By Patrick Lang
MOSAIC’s addition of the new Latino branch gives minority students even more opportunities to share their opinions.
In the fall of 2008, the MOSAIC group was started at Union to meet the individual needs and desires of culturally diverse students on campus.
“We respond to the requests of the students who express a serious need for a new initiative that promotes unity, opportunity and Great Commandment thinking and action on our campus,” said Jacqueline Taylor, assistant dean of students and director of Career Services.
MOSAIC emphasizes the importance of encouraging students to make their opinions known, which led to the development of Latin American Student Opportunities. LASO is the newest branch to be established in MOSIAC due to the efforts of Union students Nadja Barros, sophomore nursing major, and Claudia Velasco, sophomore business and philosophy double major.
Barros and Velasco, along with Dr. Zoila Sanchez, associate professor of nursing and adviser for the Latino members of MOSAIC, had “expressed a need for opportunities focused on mentoring, support, community service and awareness of Latino culture among the Union community,” Taylor said. “MOSAIC was ready and willing to provide such opportunities.”
A desire to find an outlet for their Latino culture was the inspiration for Barros, from Brazil, and Velasco, from Ecuador, to help start a group that was dedicated to not only bring their culture together, but sharing it with other students on campus.
“I always liked the idea of hanging out with (people in) our culture,” Barros said.
“We were hurting for something like this.”
Sanchez said, “LASO, I strongly believe, is guided by God and in line with Union’s ‘Christ-centered Christian worldview’ exemplified by faculty, students, administration and staff. This is what I refer to as the foundation of LASO.”

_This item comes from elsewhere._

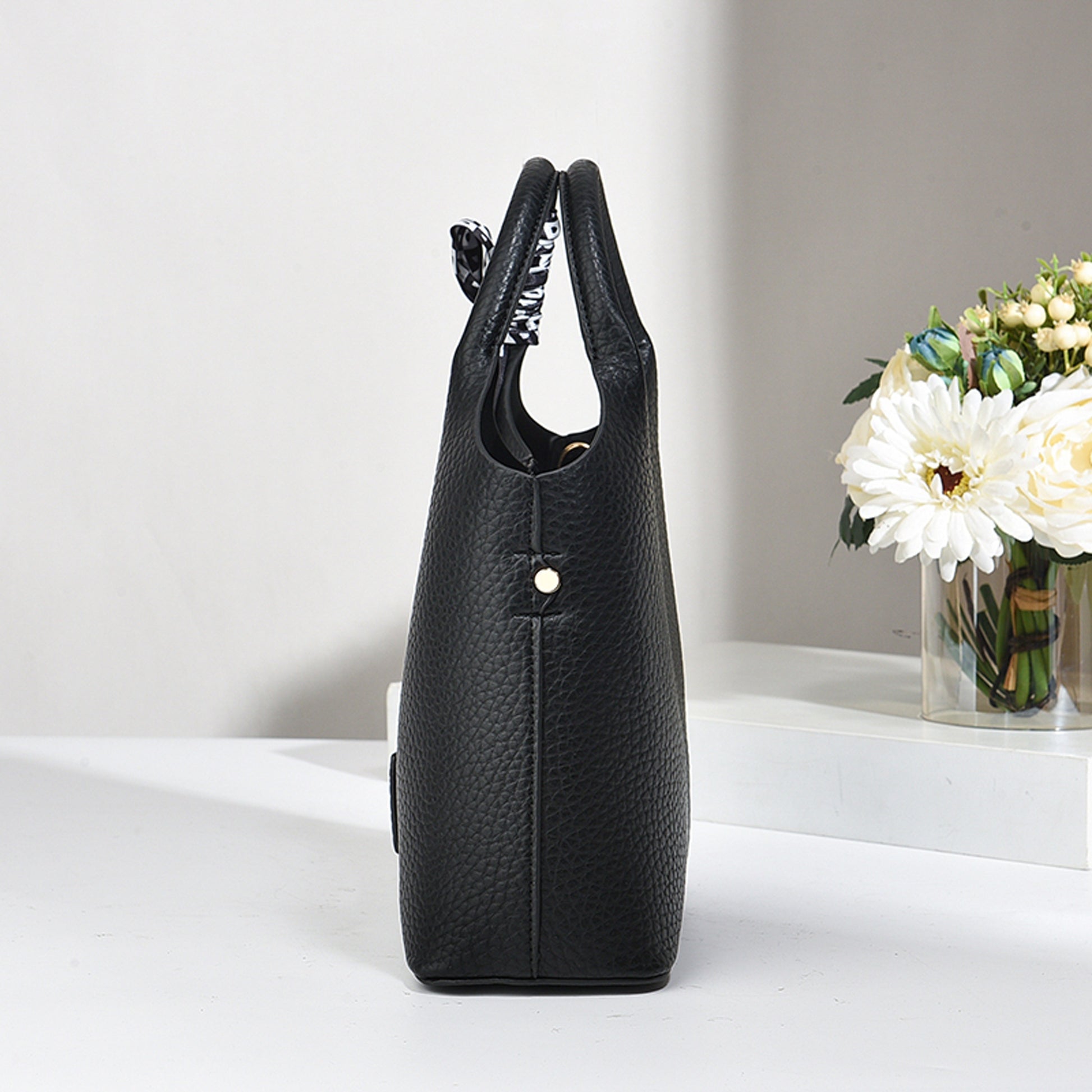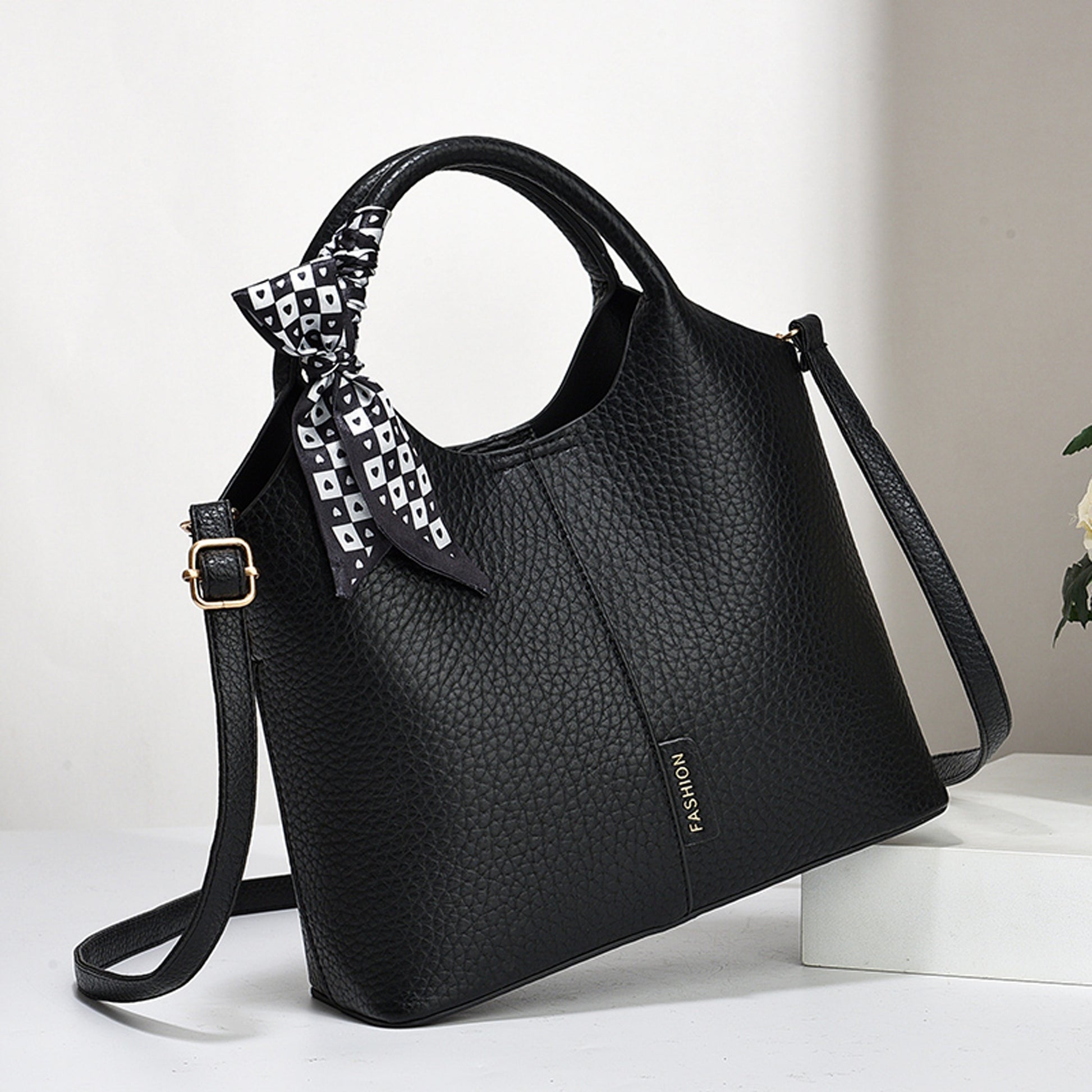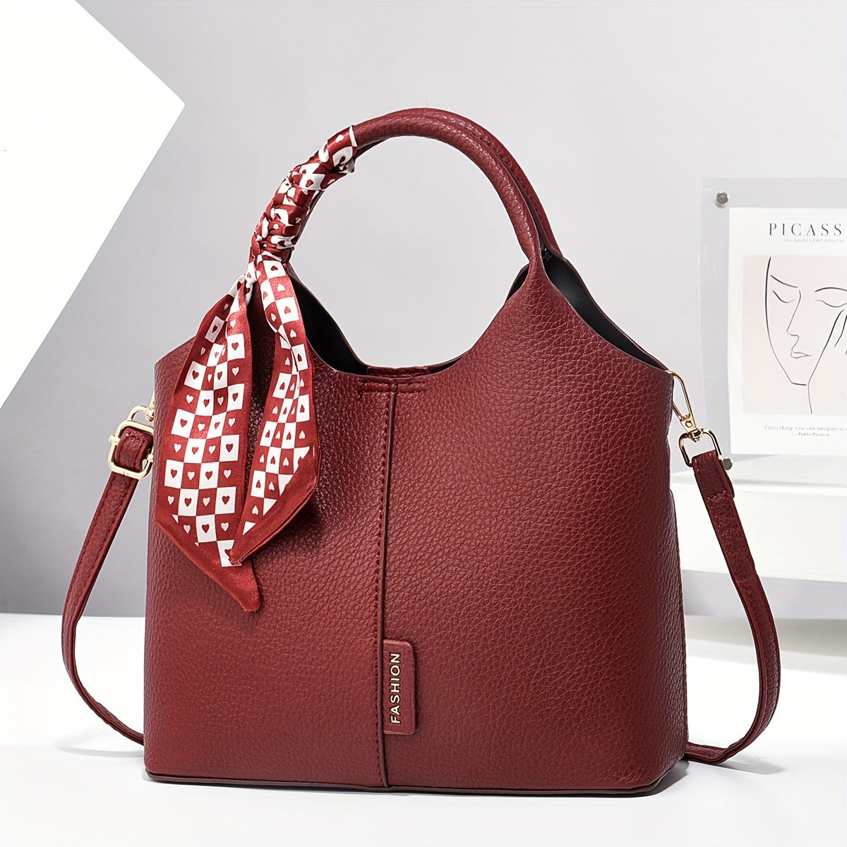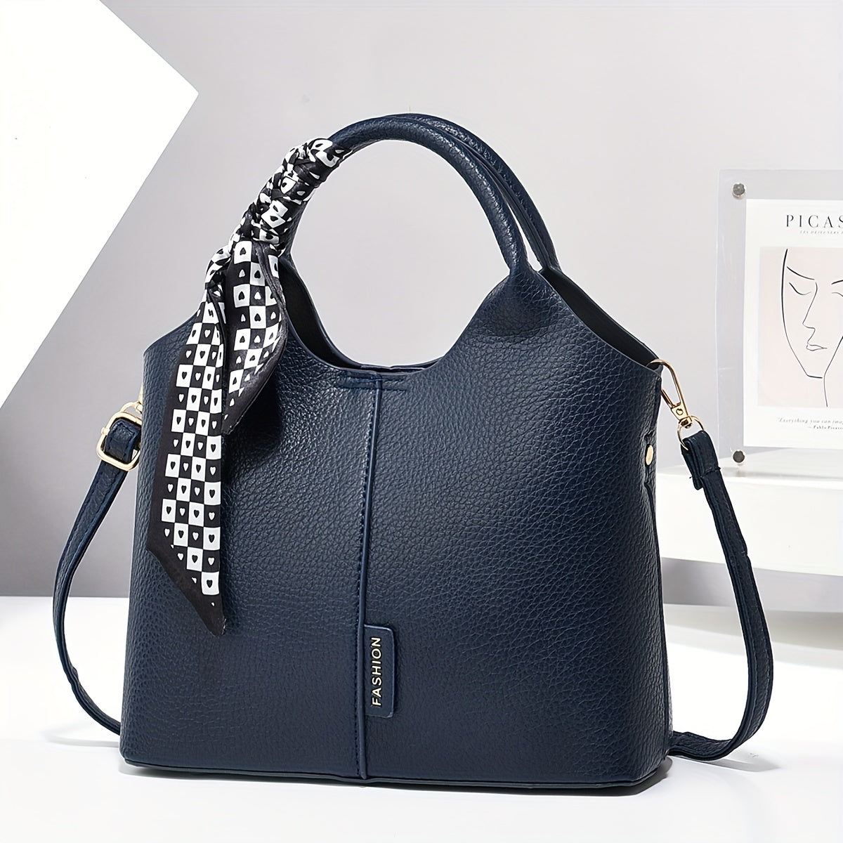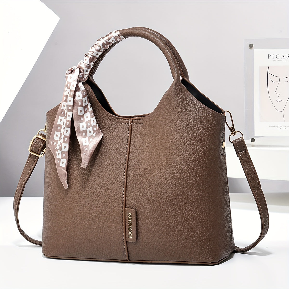 Винтажная сумка-ведро со шарфом, большая вместимость, сумка через плечо, регулируемый ремень, застежка на молнии, складная и без подкладки с окрашенными краями, подходит для бизнеса, свиданий и путешествий.

Sanchez and all the members of LASO are working to help the new branch grow and become involved at Union.
“This is a new entity, (and) as with any new entity it is still in its infancy, and most likely will evolve as new members join,” Sanchez said.
“LASO’s mission is broad: To create a Christ-centered community that will embrace unity, respect diversity, (and) provide mentoring and access to academic resources.”
Sanchez said LASO should be a venue to create cross-cultural interactions among students that foster spiritual growth and service to others.
“I would like to see LASO engage in activities throughout the academic year that would not only assist its members with their overall career development, but also enhance their academic and social involvement at Union and in the local Community,” she said.
LASO held its first event in Brewer Dining Hall, Nov. 11. Students of all ethnicities were invited to eat, socialize and learn more about LASO and the Latino community on campus. More than 50 people attended the kick-off event.
MOSIAC also offers many other opprotunities to be involved, including weekly men’s and women’s Bible study, “Aim for the A’s” study hall, community service at Mission Convalescent Home and international missions support.